Dans un précédent article, nous annoncions la participation du court-métrage « Double jeu » au festival Nikon, réalisé par Rayen Hediji, un jeune Aulnaysien. La rédaction a pris contact avec le jeune réalisateur pour en savoir plus sur sa personnalité, son parcours, ses ambitions.

Une passion du cinéma dès le plus jeune âge

Dans cet entretien, Rayen Hediji nous confie que sa passion du cinéma n’est pas nouvelle, qu’elle lui est apparue dès le plus jeune âge. Que ce soit à travers ses diverses activités scolaires ou extrascolaires, M. Hediji ne rate jamais l’occasion d’immortaliser les événements en vidéo. Toutes ses créations étaient filmées, chaque activité était complétée par une séquence vidéo. 

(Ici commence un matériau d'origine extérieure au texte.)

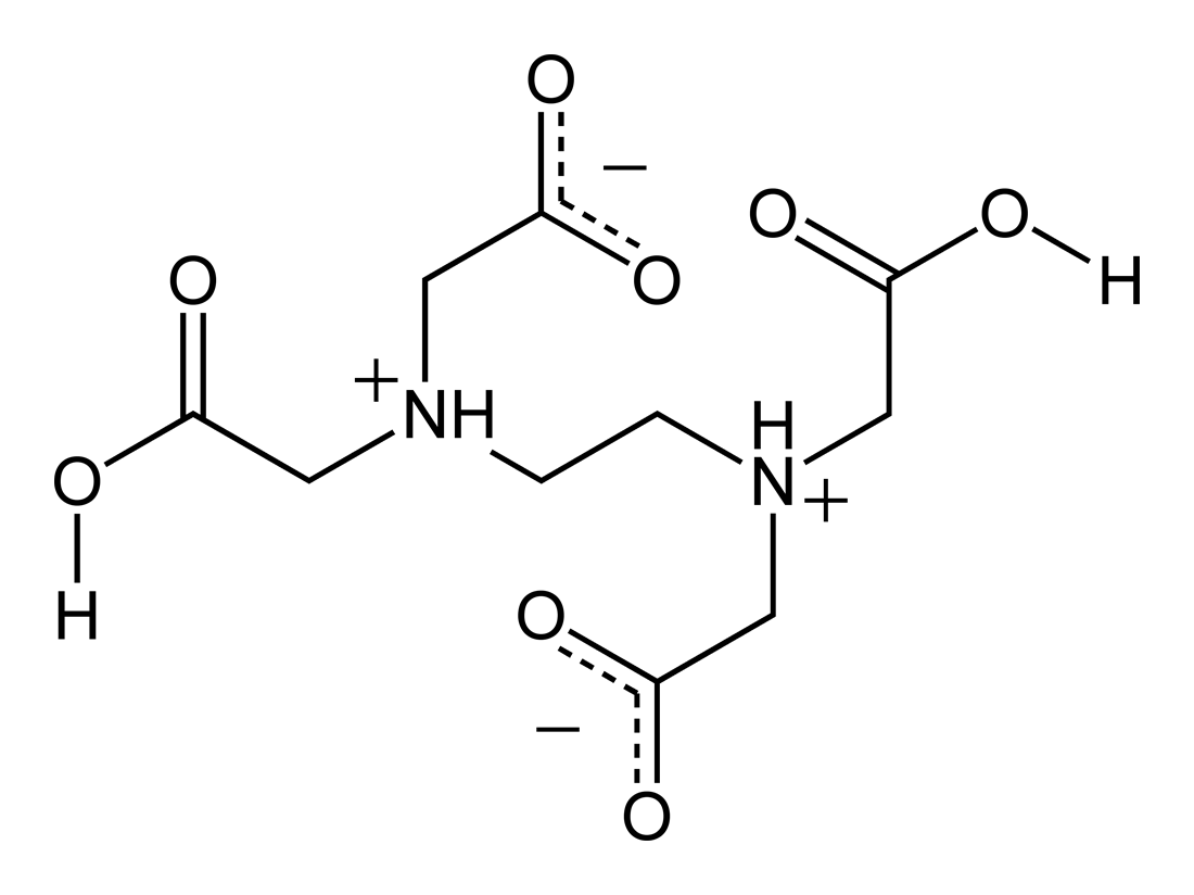 고체 상태에서 H4EDTA는 카복실산 그룹에서 질소 원자로 두 개의 양성자가 이동된 양쪽성 이온이다.[8]

Si cette passion était au départ artisanale, M. Hediji renforça petit à petit la qualité des oeuvres vidéos grâce à un matériel de plus en plus moderne, mais aussi en s’adonnant à la passion du montage. Plus grand, il se mit à réaliser des courts-métrages avec des amis, principalement dans le parc Ballanger à Aulnay-sous-Bois. Les vidéos se faisaient par téléphone, et le montage était réalisé par ce petit groupe.

Hallnaywood, le déclic

Mais c’est bel et bien le festival Hallnaywood qui a propulsé M. Hediji sur le devant de la scène en faisant de belles rencontres et en faisant part de sa créativité. Il rencontra un producteur pour réaliser un premier court métrage de qualité professionnelle, appelé « Ennemi Commun ». Le matériel adéquat lui fut prêté pour la réalisation.

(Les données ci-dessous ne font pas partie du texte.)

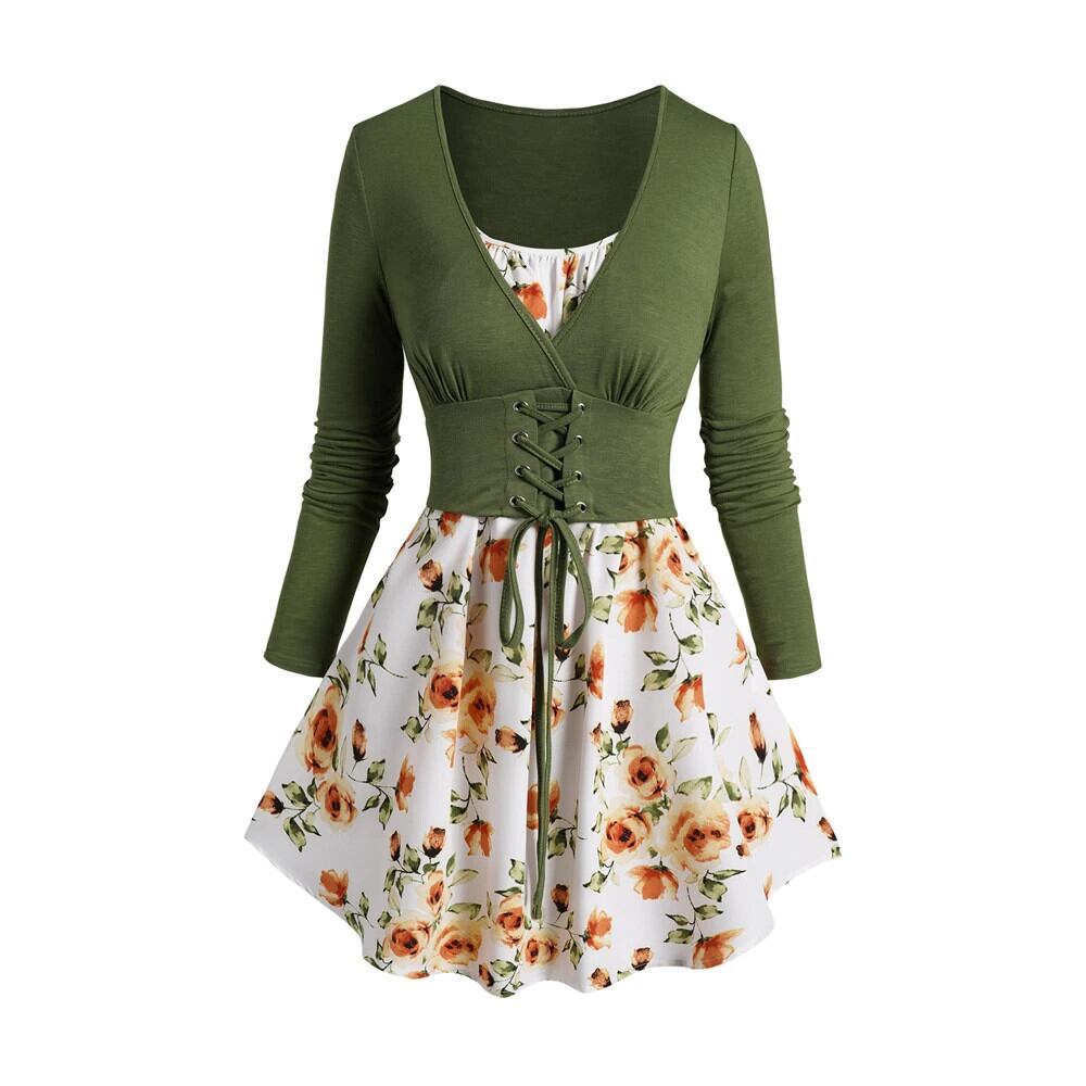 送料無料 レースアップ サープライス プランジ長袖クロップトップとフラワー プリント スパゲッティ ストラップ キャミソール セット ロング フラワーデザイン AE1212665655692965559931

Outre son deuxième court-métrage de premier plan (Double Jeu), Rayen Hediji travaille actuellement sur un autre court-métrage (durée de 15 à 20 minutes) afin de terminer sa professionnalisation. Ce court-métrage est un drame futuriste, qui devait concourir pour le festival Nikon mais qui, par faute de temps et par souci de la perfection, n’est pas encore prêt.

Bientôt un long-métrage

Si Rayen Hediji s’est spécialisé dans les courts-métrages, il a pour ambition de réaliser de long métrages dans quelques années. Il travaille déjà avec un scénariste sur un film qui sera une comédie grand public, avec quelques scènes d’action. L’histoire de ce premier long métrage mettra en avant 4 jeunes garçons, dont l’un vit une relation amoureuse tumultueuse.

Un artiste qui n’oublie pas ses racines et qui souhaite un soutien de la ville

Rayen Hediji habite toujours à Aulnay-sous-Bois. Et pour son premier long métrage, il souhaite qu’un des rôles principaux soit attribué à un Aulnaysien. Il compte d’ailleurs faire participer de nombreux Aulnaysiens parmi les figurants pour mettre en avant la ville et sa richesse.

Il souhaiterait également pouvoir faire partager sa passion du cinéma au plus grand nombre et attend avec impatience la possibilité de pouvoir s’exprimer dans le bulletin municipal Oxygène. Des réalisateurs de premier plan, il n’en existe pas tant que ça à Aulnay-sous-Bois et un petit clin d’oeil du bulletin distribué dans chaque boite aux lettres ne serait pas de refus pour un jeune talent sur la pente ascendante.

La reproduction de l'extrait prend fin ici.